> Porsche leads Craft-Bamboo’s Cao and Morad home
> Silver win and third overall for Harmony’s Ferrari
> Yuan/Ye add second Silver-Am victory; Okura/Hamaguchi take Am honours
> Result: Sepang Race 2
Lu Wei and Laurin Heinrich clinched a commanding victory from pole position in Fanatec GT World Challenge Asia Powered by AWS’s second 60-minute race at Sepang.
The Origine Motorsport Porsche was never troubled after Heinrich pulled nine seconds clear of Daniel Morad in the opening stint before Lu took the chequered flag 14 seconds ahead of the same Mercedes-AMG also driven by Cao Qi. The result was a tonic of sorts for Craft-Bamboo’s #30 crew, whose Race 1 podium chances were ended by a puncture.
Absolute Racing’s post-race penalty for final lap contact with Climax’s #22 Mercedes-AMG promoted Harmony’s Silver class-winning Ferrari shared by Luo Kailuo and Liang Jiatong to third overall.
Silver-Am was won for the second time this weekend by Origine’s other 911 despite Yuan Bo and Leo Ye Hongli serving a five-second success penalty for their Race 1 overall podium. Further back, The Spirit of FFF Racing’s Mineki Okura and Hiroshi Hamaguchi clinched Am victory in their Audi by passing AMAC’s Porsche on the final lap.
ORIGINE CRUISE TO VICTORY
Victory by 14 seconds was no less than Origine’s #4 Porsche deserved after Heinrich converted his Q2 pace – the German qualified 0.5s faster than anyone else – into a commanding lead by the end of the opening stint.
Markus Winkelhock’s spinning Audi helped the likes of Alessio Picariello, Joel Eriksson and Tsubasa Kondo make significant gains at turn one on the opening lap. But none of that concerned Heinrich who powered clear after initially holding off Morad, Ralf Aron, Fabian Schiller and the fast-starting Jordan Love.
Picariello and Eriksson both passed Love before the leading Pros all pitted towards the end of the 10-minute window. A short Full Course Yellow period triggered by Elegant Racing’s crashed Mercedes-AMG coincided with some of those stops, but the order and gaps were largely unaffected.

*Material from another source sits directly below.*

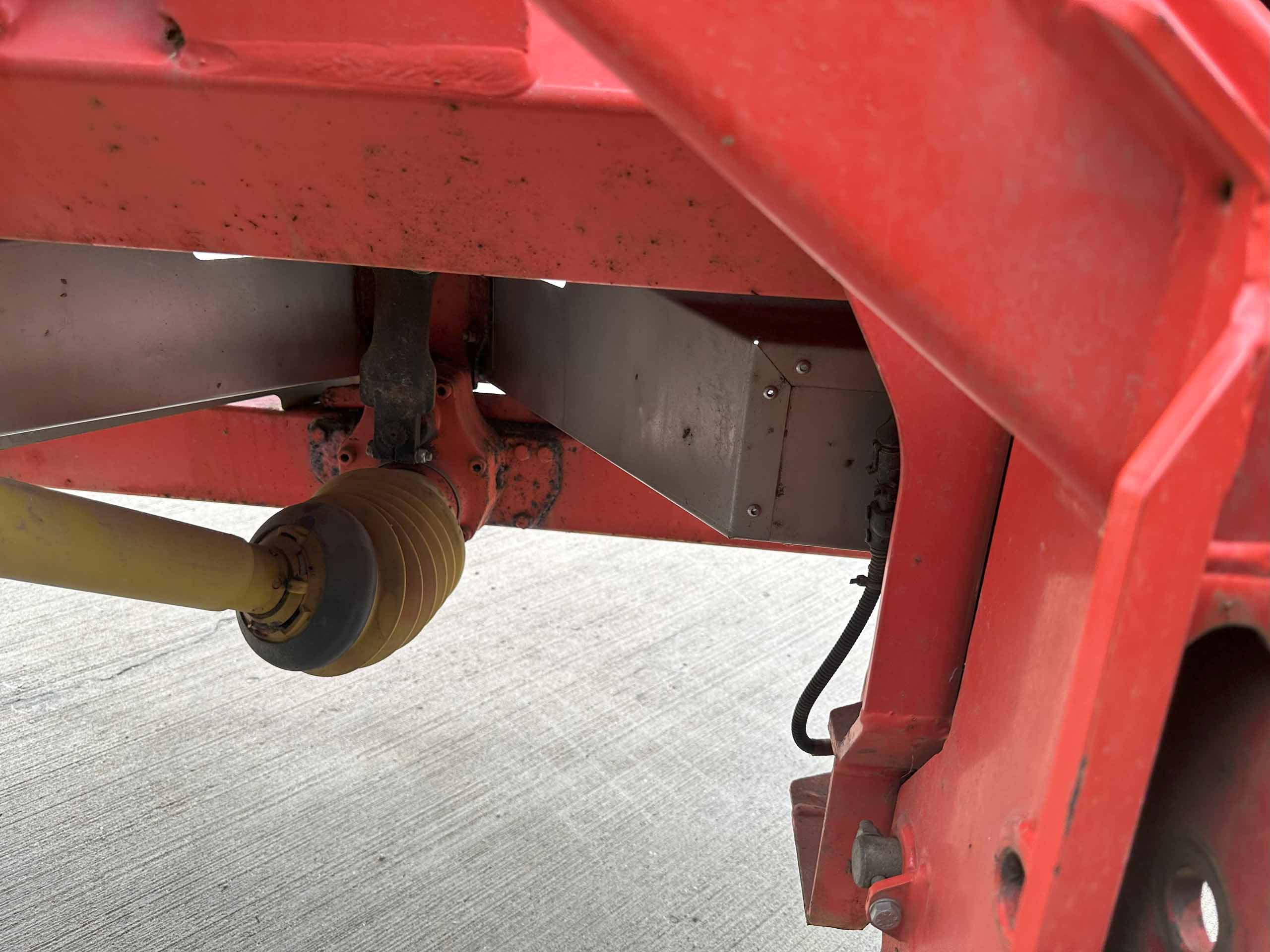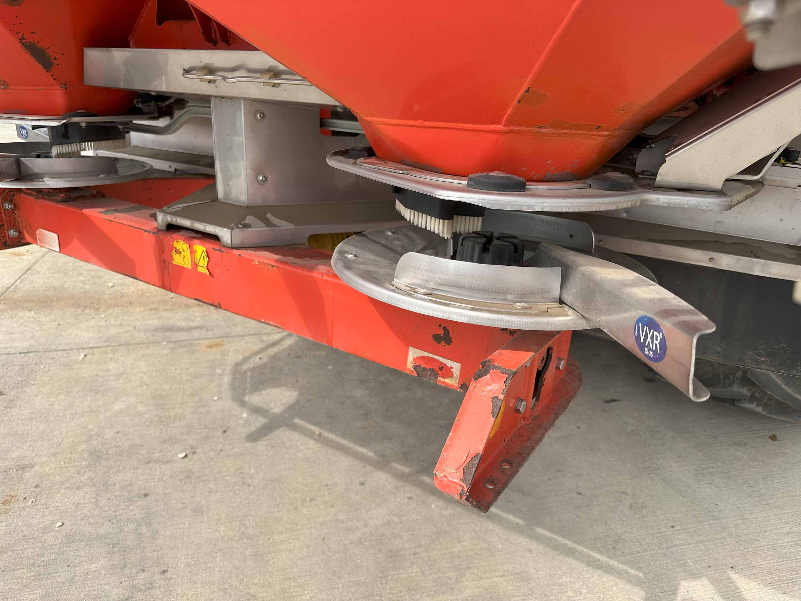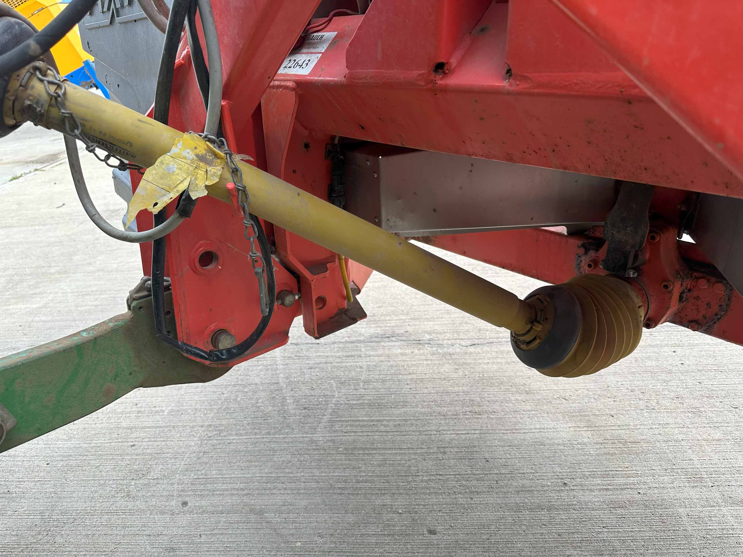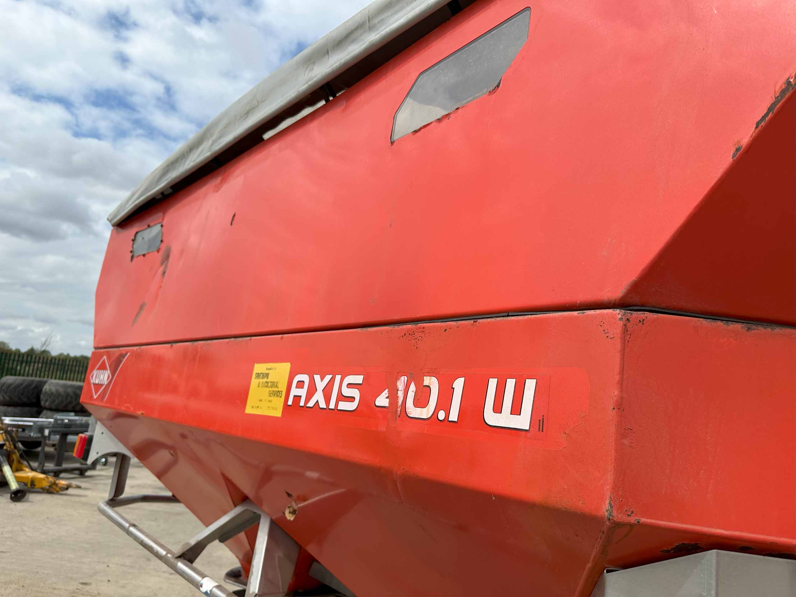 2009 fertiliser spreader, S8 discs, 30-36 metres spreading width, weigh cells, pto drive, 8657 hectares, hopper cover, road lights. Dent on the back.

As such, Lu emerged with his healthy lead over Cao intact. And although it reduced initially, Origine’s Porsche eventually pulled clear of the Craft-Bamboo Mercedes-AMG which completed a relatively lonely race in second.
Behind, Wang Zhongwei was also on course for a podium until Anthony Liu – who’d earlier passed Jeffrey Lee – tapped the Climax Mercedes-AMG into a spin at the final corner on the last lap. Liu continued to take third on the road but was penalised 33 seconds in lieu of a drive-through penalty before the podium ceremony took place.
That elevated Harmony’s Ferrari to the overall rostrum after the leading Silver-graded driver, Liang, passed several amateurs in the second stint. He was helped by the fierce battle for fourth that initially featured Lee and Prince Abu Bakar Ibrahim but eventually included Sun JingZu (Phantom Global Racing), Zhou Bihuang (VSR) and Min Heng (Climax Racing) who squabbled between themselves.
But the order became clearer once VSR’s Lamborghini completed a stop-go for a short pitstop and Climax’s Mercedes-AMG was black flagged for failing to serve a similar penalty. Those plus Liu’s extra time post-race elevated Ibrahim and Love’s Triple Eight JMR entry to fourth overall and third in Pro-Am, while Wang and Aron – who were one corner away from an overall podium – salvaged fifth.
There was a second Silver-Am win for Yuan and Ye whose Porsche was part of the racing incident that spun Winkelhock around at the start. Ye dropped four places to eighth as a result but remained in contention to give Yuan a chance in the second stint. However, their cause was also undoubtedly helped by the black flag that accounted for erstwhile class leaders Min and Jaylyn Robotham.
Audi Sport Asia Team Absolute’s James Yu and Akash Nandy were less than a second behind their class rivals in seventh, while Saturday’s winners Franky Cheng and Adderly Fong completed the top eight despite serving the maximum 15-second success penalty.
Lee and Schiller (Craft-Bamboo), and Hiroaki Nagai and Yuta Kamimura (Porsche Center Okazaki) rounded out the overall points scoring positions.
Further back, Liu and Picariello’s penalty dropped Absolute’s Porsche from third to 12th.
Next up it’s Chang International Circuit in Thailand, which hosts rounds three and four on May 10-12.